Question: Please kindly help me to understand why aparādhas to the deities, dhām, etc should be avoided. I understand that everything in the śāstras has a scientific reason, so I would like to know the scientific or psychological reasons why scriptures say not do certain things because they can be aparādhas.
I do not just want to refrain from offense because of fear of scriptural injunctions. I am not a vaidhi bhakta, I love the path of sacred passion. So if I have to avoid offenses, I want to understand deeply why. What is the connection with my human condition, what happens in my subtle or gross body if I do this offense??
Answer: Aparādhas are related to the psychology of love. If you love someone, then it is natural that you do not do anything that can irritate your lover. For example, if your lover has an employee whom he likes very much: If you criticize that employee and your lover comes to know about it, he will not feel happy. He may not say anything to you but will not be very pleased. Similarly, if we criticize devotees, then Kṛṣṇa does not like that because He likes His devotees. Thus vaiṣṇava-nindā is an offense. The other offenses can be understood in the same way.
When we love a person truly, we love everything about him or her—the person’s possessions, relations, actions, behavior. This is because love means oneness of heart. So these bhaktas who have attained love, the siddha bhaktas, they cannot commit an offense because their heart is one with Kṛṣṇa’s heart. The same potency, hlādini-śakti, exists in the heart of the bhakta and his/her worshipable deity.

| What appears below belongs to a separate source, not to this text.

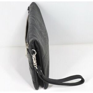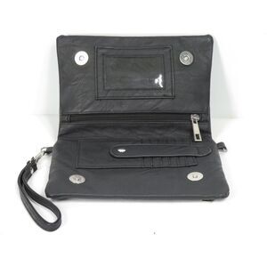 Black Leather Triple Zip Bifold Wristlet Wallet

But when we are on the sādhanā stage, we have our old saṁskārās, which are not devotional, or in harmony with the psychology of love. Thus śāstra gives us guidelines what to do and what not to do. Śāstra is the word of Bhagavān. Bhagavān also is a person and thus has a psychology. He has His likes and dislikes, like any other person. Therefore, bhakti is nothing but the study of the psychology of love, the relation between a bhakta and Bhagavān. By studying śāstra we can understand the mind of Bhagavān – not completely but up to a certain extent.
So aparādhas are actions that Bhagavān and siddha bhaktas do not like (apa = away, rādha = worship, or Rādhārāṇī.) Apa-rādha is that which takes you away from the worship of Kṛṣṇa, or which takes you away from Rādhā.

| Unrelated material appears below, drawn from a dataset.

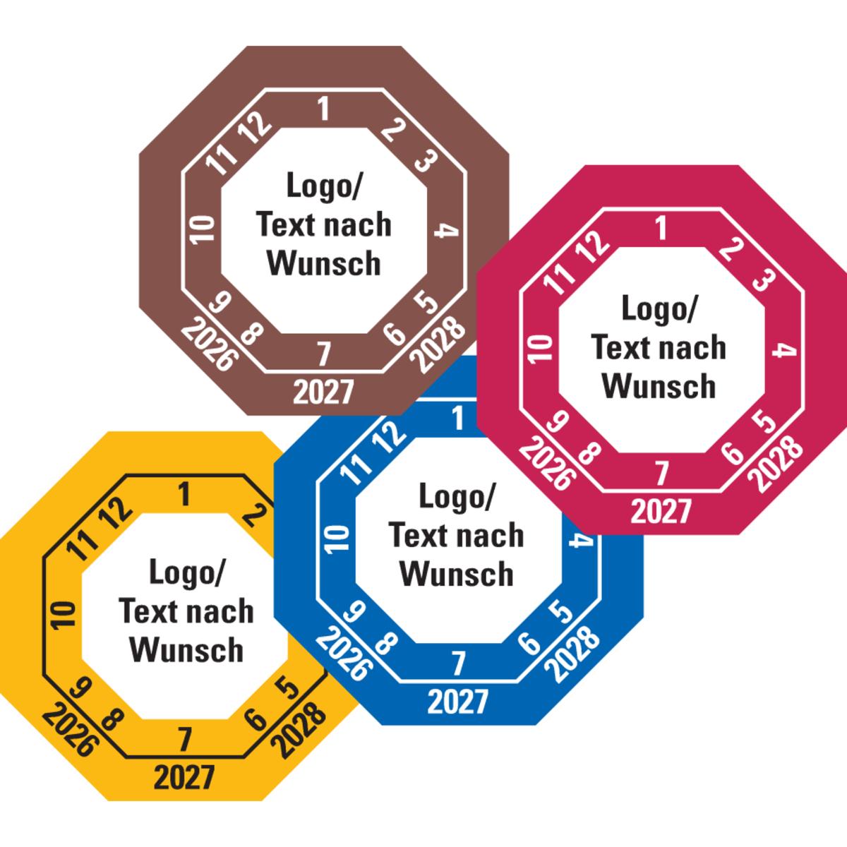 Auswahl: Prüfplakette nach Wunsch, Layout 105, Dokumentenfolie, 30x30mm, 18/Bogen

Every action we perform has an influence on our subtle body and creates an impression which will inspire one to repeat this action. Thus if we perform an action which is unpalatable to Bhagavān, it will leave impressions which become the seeds for repetition of this action. If this seed of an offensive impression is already there, it fortifies it.
Question: There is the story of Indradyumna Mahārāja in the Bhāgavatam, who was engaged in worship and then when Agastya Muni arrived, he didn’t acknowledge him and continued. Because of that, he was cursed by Agastya Muni. How to understand this situation? Would it have been proper for him to stop his worship?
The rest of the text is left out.